# How to find honey.



## Sher (May 10, 2002)

Hi.. I know absolutely nothing about bees. But I would very much like to buy some honey that is made within 30 to 60 miles of where I live. I have often read that if you are bothered by allergies..eat honey from your area and they (the allergies) will leave.

I just don't know how to go about finding that honey. Is there a list or something that one can go by? Thank you so much. Sher in SE IA.


----------



## alleyyooper (Apr 22, 2005)

A couple of ideas here. (1. Let your fingers do the walking thru your local yellow pages.
(2. Do a google search for your state bee keeping club. Many times they can get you in contact with a beekeeper in the area you live in. Many times they can also give you a list of names.

You might also contact the local USDA office. Some times they have a list of bee keepers, I am not a fan of this method. When I was first looking I contacted the USDA office in my town and was given two names. The first I called the beekeeper had passed away a few months before and the family wasn't very happy to recieve my call. 

 Al


----------



## BearCreekFarm (Jun 24, 2005)

The National Honey Board has a honey locator on their website. It may include someone from your area- this is not my favorite list because it is geared towards commercial producers, not too many small-scale producers are included. We don't use it because even though we are a medium-sized producer we don't sell our honey to packers, we sell it all direct. To be included on the honey locator you must sell X amount of honey to packers, on which you pay an assessment. If you don't sell to a packer and pay the assessment you can purchase a listing on the locator. but I don't know any producers who do that.

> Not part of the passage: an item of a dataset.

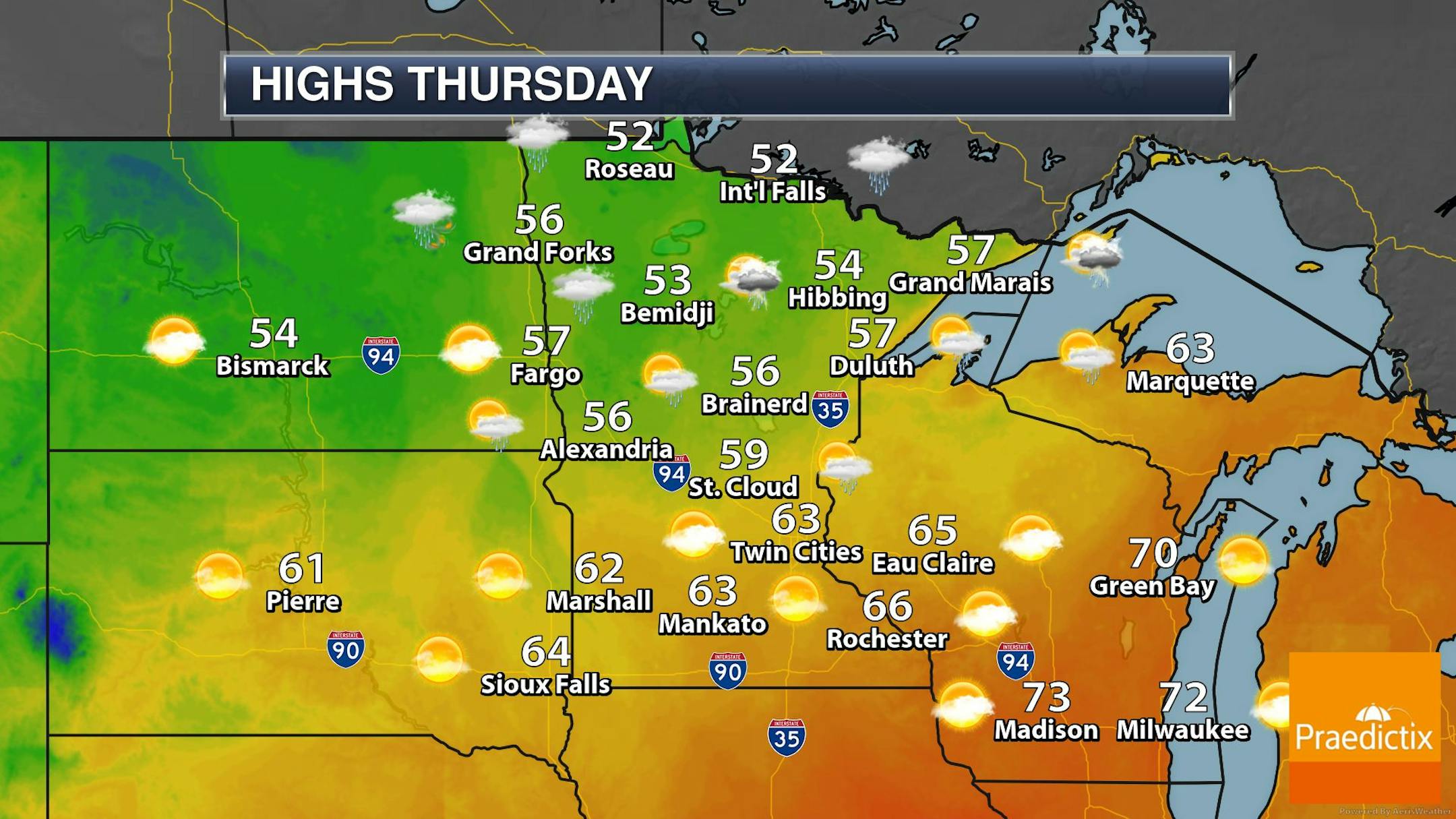 Here's the simulated radar from AM Thursday to PM Friday, which show scattered showers possible the region through the end of the week. Some of the heaviest rains will be found across the northern half of the state.

If your state requires beekeepers to register their hives you can get info from the Dept of Ag and maybe find a local beekeeper that way. Or, as suggested above, find a local beekeeping organization.

Good luck. If you strike out give me a shout- we keep bees in Minnesota and likely have some of the same forage plants as you have down in Iowa.


----------



## WayneH (Apr 29, 2005)

You could also contact your local extension agent. They usually know someone, and often it's one of the small producers or a hobbiest.

What area are you in and what season gives you the most trouble?

The season is important because a spring honey isn't going to help fall allergies (or the other way around).

Also, some people swear that this treatment helps and others say that it doesn't. The worst that could happen is that you end up with some great raw honey. The best case scenario is that you find allergy relief, get some great honey, and make a new friend.

Wayne


----------



## woodspirit (Aug 3, 2005)

I remember before we got married that my mother in law had a huge list of things that my wife was allergic to.
including cats.
Funny thing happened. We've had cats for almost 20 years now and my wife isn't allergic to anything at all except antibiotics. My thought is that she probably had too many doctors appointments, and not enough living. Avoiding things may make you more sensitive to them. Anyway; my advice is
be healthy and eat your honey-


----------



## indypartridge (Oct 26, 2004)

Hi,

Here's the site for the Iowa Honey Producers. Check out the "contacts" list. There's a SE Iowa Beekeeping club in Fairfield...is that near you? There's phone numbers listed: I'm sure they could find someone near you who would be very happy to sell you some local honey.

http://www.abuzzaboutbees.com/


----------